Mais confuso do que namorado de gêmeas.

Isso mesmo, Barak Obama terminou o trabalho que George W. Bush havia começado em sua maior empreitada: A guerra ao terror. Claro que todo mundo já sabe que o maior motivo que levou o ex presidenciável a mandar vários de seus jovens ao território inimigo baseava-se em uma novela que teve início com seu pai na guerra do Golfo.

Os E.U.A. finalmente exorcizaram seus demônios.

Os americanos agora podem suspirar mais sossegados com a intervenção precisa de Obama, este homem que está direcionando o povão americano por uma nova trilha, um novo horizonte, aposto que metade dos democratas não acreditava que Bin Laden caísse tão rápido na mão do governo Obama.

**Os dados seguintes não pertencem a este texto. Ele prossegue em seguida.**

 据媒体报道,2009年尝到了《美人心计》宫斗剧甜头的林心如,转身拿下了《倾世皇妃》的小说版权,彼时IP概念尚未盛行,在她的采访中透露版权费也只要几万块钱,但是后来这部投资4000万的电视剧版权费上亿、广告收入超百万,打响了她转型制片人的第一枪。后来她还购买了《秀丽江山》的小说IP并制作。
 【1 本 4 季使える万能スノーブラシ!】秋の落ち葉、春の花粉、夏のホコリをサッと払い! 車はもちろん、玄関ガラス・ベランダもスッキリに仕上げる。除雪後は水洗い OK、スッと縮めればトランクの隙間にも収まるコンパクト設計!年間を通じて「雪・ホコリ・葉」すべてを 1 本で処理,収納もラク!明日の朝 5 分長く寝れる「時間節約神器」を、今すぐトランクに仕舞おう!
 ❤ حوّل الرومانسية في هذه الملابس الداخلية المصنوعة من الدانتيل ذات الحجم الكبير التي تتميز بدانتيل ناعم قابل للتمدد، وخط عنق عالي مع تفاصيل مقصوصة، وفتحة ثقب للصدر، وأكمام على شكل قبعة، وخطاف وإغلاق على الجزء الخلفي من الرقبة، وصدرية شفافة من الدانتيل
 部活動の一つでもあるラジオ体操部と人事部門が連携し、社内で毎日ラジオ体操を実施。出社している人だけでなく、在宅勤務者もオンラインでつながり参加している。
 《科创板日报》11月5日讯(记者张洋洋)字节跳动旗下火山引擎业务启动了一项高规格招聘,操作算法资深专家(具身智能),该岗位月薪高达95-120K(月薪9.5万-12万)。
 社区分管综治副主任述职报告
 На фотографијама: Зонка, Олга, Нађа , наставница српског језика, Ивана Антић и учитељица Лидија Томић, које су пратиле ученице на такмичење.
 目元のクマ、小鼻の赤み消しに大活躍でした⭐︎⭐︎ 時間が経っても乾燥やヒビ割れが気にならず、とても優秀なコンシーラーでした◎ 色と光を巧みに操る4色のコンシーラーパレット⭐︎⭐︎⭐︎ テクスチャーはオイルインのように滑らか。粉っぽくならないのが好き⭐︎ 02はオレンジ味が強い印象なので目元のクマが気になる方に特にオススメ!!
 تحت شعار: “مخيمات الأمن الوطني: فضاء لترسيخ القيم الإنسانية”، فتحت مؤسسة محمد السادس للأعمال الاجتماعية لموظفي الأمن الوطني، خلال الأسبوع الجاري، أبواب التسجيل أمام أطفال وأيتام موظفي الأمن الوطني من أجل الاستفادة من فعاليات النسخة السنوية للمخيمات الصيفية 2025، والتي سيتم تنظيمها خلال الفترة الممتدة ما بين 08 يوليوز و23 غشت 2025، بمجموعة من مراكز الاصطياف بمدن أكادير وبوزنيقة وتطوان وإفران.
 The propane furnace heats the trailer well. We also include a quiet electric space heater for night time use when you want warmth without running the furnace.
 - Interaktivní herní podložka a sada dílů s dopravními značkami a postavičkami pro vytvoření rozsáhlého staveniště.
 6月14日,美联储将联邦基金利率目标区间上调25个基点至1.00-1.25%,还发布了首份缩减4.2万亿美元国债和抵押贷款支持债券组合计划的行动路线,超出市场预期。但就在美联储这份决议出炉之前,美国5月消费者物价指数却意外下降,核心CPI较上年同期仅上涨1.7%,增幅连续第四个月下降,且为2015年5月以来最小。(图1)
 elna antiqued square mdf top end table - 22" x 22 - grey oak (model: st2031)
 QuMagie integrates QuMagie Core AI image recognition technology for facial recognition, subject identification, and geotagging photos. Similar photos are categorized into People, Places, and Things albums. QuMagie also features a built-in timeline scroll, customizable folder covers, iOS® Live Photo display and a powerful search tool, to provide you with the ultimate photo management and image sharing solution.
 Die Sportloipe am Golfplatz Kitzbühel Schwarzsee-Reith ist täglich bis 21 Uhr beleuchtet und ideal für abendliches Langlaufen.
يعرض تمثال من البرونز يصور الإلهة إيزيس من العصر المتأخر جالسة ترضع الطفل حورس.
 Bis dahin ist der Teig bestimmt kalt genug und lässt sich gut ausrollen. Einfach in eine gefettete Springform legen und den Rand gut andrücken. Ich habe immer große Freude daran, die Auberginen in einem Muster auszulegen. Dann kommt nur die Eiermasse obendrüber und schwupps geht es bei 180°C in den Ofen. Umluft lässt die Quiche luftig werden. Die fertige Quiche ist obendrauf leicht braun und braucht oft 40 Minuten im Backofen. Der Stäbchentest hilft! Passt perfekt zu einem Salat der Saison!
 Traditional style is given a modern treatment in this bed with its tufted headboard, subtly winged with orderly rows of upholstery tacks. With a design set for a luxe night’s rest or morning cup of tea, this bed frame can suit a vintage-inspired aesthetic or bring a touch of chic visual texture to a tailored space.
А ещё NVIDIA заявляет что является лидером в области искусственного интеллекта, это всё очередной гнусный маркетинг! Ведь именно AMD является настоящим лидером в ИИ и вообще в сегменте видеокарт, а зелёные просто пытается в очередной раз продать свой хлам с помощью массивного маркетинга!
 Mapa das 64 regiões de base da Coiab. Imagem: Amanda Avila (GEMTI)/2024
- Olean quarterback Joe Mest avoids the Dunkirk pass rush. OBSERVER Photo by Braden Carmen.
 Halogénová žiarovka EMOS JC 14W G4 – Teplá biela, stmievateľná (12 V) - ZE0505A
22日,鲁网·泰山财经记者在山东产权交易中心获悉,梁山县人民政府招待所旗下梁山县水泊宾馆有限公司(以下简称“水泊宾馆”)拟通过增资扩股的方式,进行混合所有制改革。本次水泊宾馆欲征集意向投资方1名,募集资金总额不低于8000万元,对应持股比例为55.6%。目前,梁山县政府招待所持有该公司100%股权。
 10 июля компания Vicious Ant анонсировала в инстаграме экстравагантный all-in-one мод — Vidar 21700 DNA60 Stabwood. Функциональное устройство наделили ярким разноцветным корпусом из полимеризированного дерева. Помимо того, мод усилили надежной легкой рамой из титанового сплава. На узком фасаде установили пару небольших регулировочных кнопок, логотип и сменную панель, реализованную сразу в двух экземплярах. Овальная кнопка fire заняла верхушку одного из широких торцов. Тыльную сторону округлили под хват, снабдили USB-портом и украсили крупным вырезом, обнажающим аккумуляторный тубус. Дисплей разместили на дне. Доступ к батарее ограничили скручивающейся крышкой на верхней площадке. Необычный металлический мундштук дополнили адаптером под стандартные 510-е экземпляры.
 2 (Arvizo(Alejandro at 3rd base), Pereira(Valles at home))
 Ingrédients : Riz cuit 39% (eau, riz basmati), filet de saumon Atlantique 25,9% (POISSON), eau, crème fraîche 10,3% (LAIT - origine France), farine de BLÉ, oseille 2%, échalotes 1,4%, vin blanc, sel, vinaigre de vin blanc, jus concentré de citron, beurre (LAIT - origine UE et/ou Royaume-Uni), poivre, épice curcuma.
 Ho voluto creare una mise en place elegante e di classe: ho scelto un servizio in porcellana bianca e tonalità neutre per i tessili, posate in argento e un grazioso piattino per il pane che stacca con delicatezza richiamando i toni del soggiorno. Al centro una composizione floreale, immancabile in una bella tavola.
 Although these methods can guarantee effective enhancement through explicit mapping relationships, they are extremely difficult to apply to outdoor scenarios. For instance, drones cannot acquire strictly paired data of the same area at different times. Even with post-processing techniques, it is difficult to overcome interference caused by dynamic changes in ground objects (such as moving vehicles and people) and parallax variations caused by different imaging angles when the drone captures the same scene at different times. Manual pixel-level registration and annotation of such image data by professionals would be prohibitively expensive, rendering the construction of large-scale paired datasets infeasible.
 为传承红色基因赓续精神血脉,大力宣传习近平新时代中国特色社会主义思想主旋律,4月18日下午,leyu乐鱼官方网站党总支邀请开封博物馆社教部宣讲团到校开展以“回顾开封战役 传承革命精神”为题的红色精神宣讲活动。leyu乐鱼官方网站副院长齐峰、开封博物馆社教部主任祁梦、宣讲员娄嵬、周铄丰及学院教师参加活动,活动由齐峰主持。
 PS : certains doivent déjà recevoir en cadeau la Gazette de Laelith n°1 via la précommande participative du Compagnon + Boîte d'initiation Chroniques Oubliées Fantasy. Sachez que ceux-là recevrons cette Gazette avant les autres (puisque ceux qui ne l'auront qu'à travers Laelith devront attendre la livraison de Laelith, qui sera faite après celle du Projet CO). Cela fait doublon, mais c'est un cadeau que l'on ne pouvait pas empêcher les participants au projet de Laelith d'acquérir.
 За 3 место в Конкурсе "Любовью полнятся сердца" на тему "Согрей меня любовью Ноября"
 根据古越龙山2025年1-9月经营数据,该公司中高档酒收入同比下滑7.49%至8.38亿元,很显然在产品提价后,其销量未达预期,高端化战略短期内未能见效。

A questão do terrorismo foi tema frequente e fortemente enraizado na cultura dos gringos. Mesmo a maior honraria da sétima arte não acabou escapou, quando o Oscar foi dado ao filme “Guerra ao Terror” ao invés do maravilhoso “Avatar”. Não que a película sobre guerras e bombas não mereça o prêmio, mas tal evento tornou mais do que evidente a dimensão dos privilégios por parte da academia diante do que a película em questão tinha para oferecer ao pensamento popular americano da época.

O Oscar virou ferramenta de uma ideologia armamentista americana, será o benedito?

Verificando os prós e os contras de uma transição de governo com ideologias completamente diferentes, quem acabou comendo a maior fatia do bolo foi Obama. Falando nele, este homem está dando aos americanos um motivo a mais para curtir eleições, visto que ele mostra-se sagaz e bastante incisivo quando pretende ser. A maior prova disso foi sua ultima aparição para discutir sobre sua real nacionalidade.

Acusado formalmente pelo seu futuro antagonista nas urnas, o multimilionário Donald Trump (que parece uma mistura de Araci Balabanian com Valter Mercado) deu o pontapé inicial em uma campanha que evidencia preceitos e preconceitos genuinamente norte americanos. Em uma resposta a altura, Obama simplesmente limpou o chão com a cara de Donald, protagonizando um dos momentos mais festejados e politicamente emancipadores na carreira de qualquer presidente. Se Obama é, de fato, americano puro, não sei e nem quero saber (tenho ódio de quem sabe!), mas sua performance naquela noite foi a de um verdadeiro político americano nacionalista.

Mais americano do que aquilo, somente fazendo tudo de novo, mas usando um chapéu de cowboy e comendo um hamburguer.
Mais cenas nos próximos capítulos.
Entusiasmo!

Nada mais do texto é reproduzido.